If you don’t know why your newsletter exists, then you won’t know how to measure whether it’s doing its job, so you won’t know if it’s helping your business or not. Gr: you also wrote that a newsletter needs a reason for existing. In your opinion what are some reasons for a business to have a newsletter? Is there just one overall copy, or are there business-specific approaches? Jb: an inspired content strategist can come up with a dozen or more reasons to create and send a [great] Newsletter: to build warmer relationships with people; to increase brand awareness; to demonstrate thought leadership by curating and sharing the best content for x topic or industry; to offer value so that, when the time comes to sell by email, your from name is welcome in their inbox.

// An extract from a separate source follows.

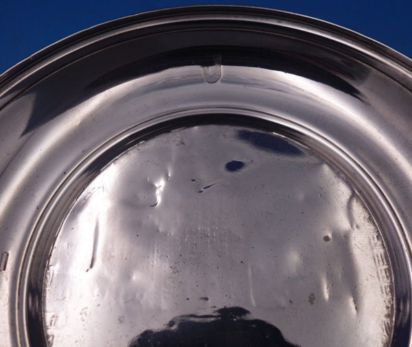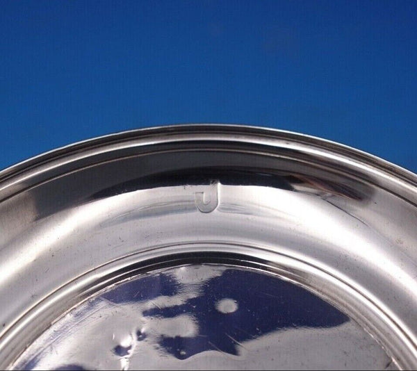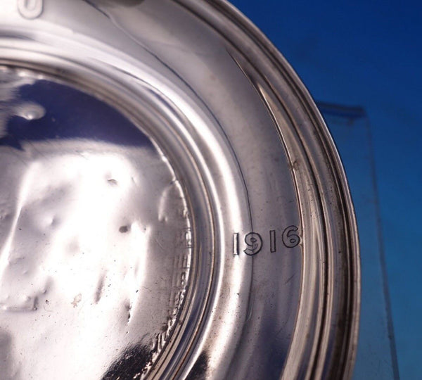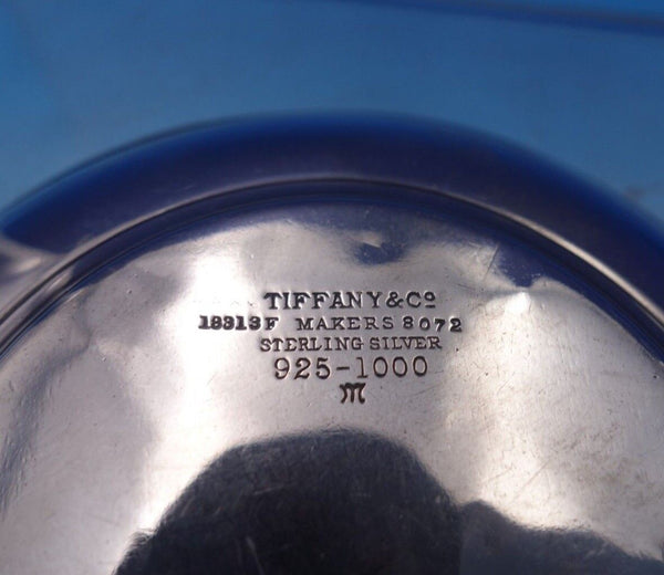 Wonderful Tiffany and Co sterling silver round candy dish marked #18313F/8072. This piece measures 5/8" tall x 4" in diameter and weighs 1.84 troy ounces. It is monogrammed and dated 1891-1916 with a worn city scape in the center (see photos). It is being offered in as-is condition as shown in the photos. Terrific piece!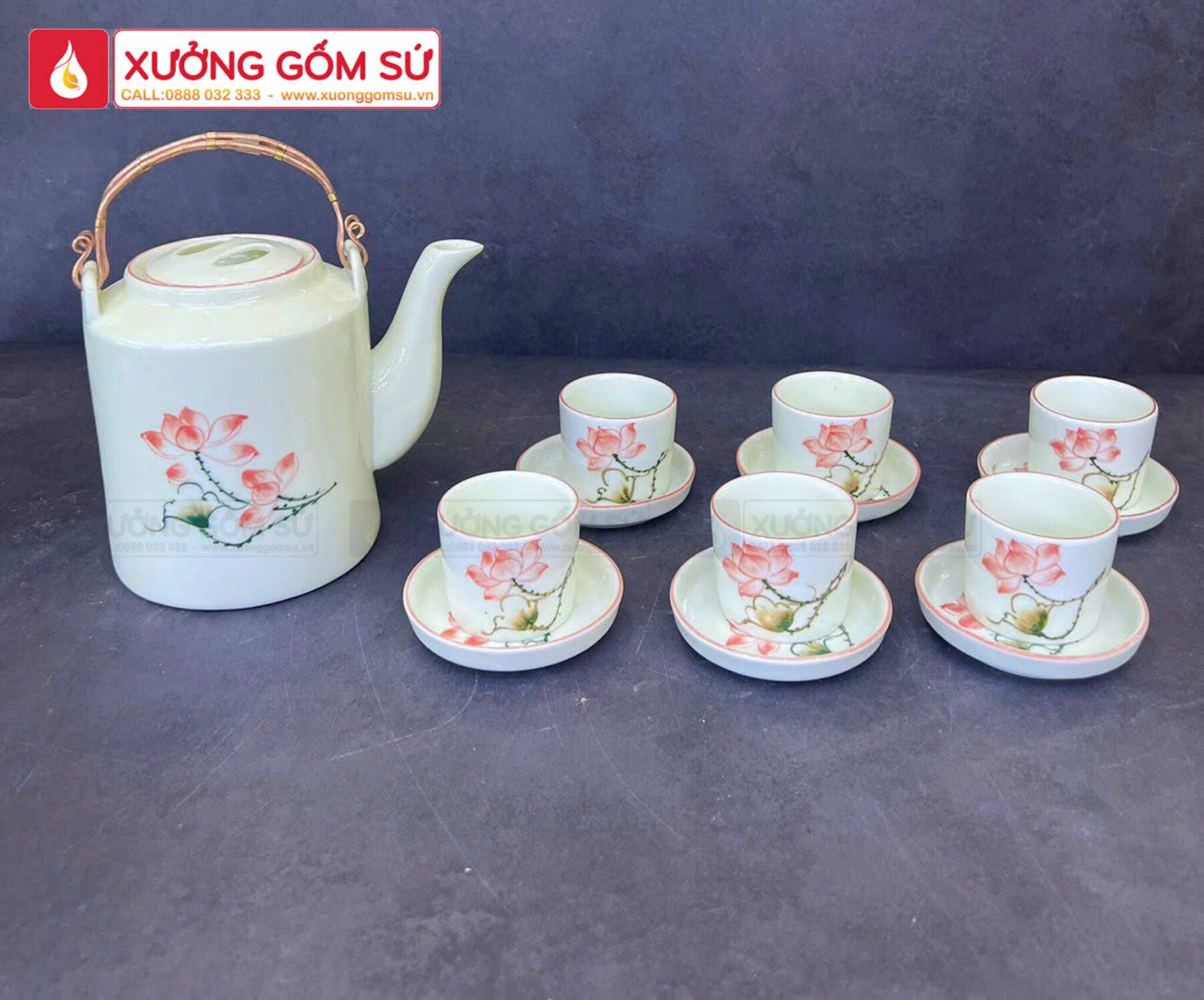 Bộ Ấm Tích Bát Tràng Quai Đồng Họa Tiết Hoa Đào Vàng

Newsletters should be considered, created, and gambling data india sent using the same business rigor we use for other marketing tactics. You wouldn’t run retargeting ads without a reason and without a way to measure their success. If you don’t have a reason to send a newsletter or a clue about how you’ll know if it was a success or not, don’t send one. Step back. Figure out your newsletter’s value prop and how that connects to ) your subscribers and ) your business – and then start the job of planning, writing, sending, and optimizing your newsletters for your business.
Gr: what do you think is the most frequent email copy mistake that marketers make? Our readers are always looking for specific patterns that marketers think are right, but might not necessarily be as good as they thought. Jb: the biggest problem may be trying to make a newsletter look, somehow, like a website. They’ll use a two-column layout with images squished into one side and tiny text squished into the other side; they’ll put a big banner at the top and find a way to stack three more banners at the bottom.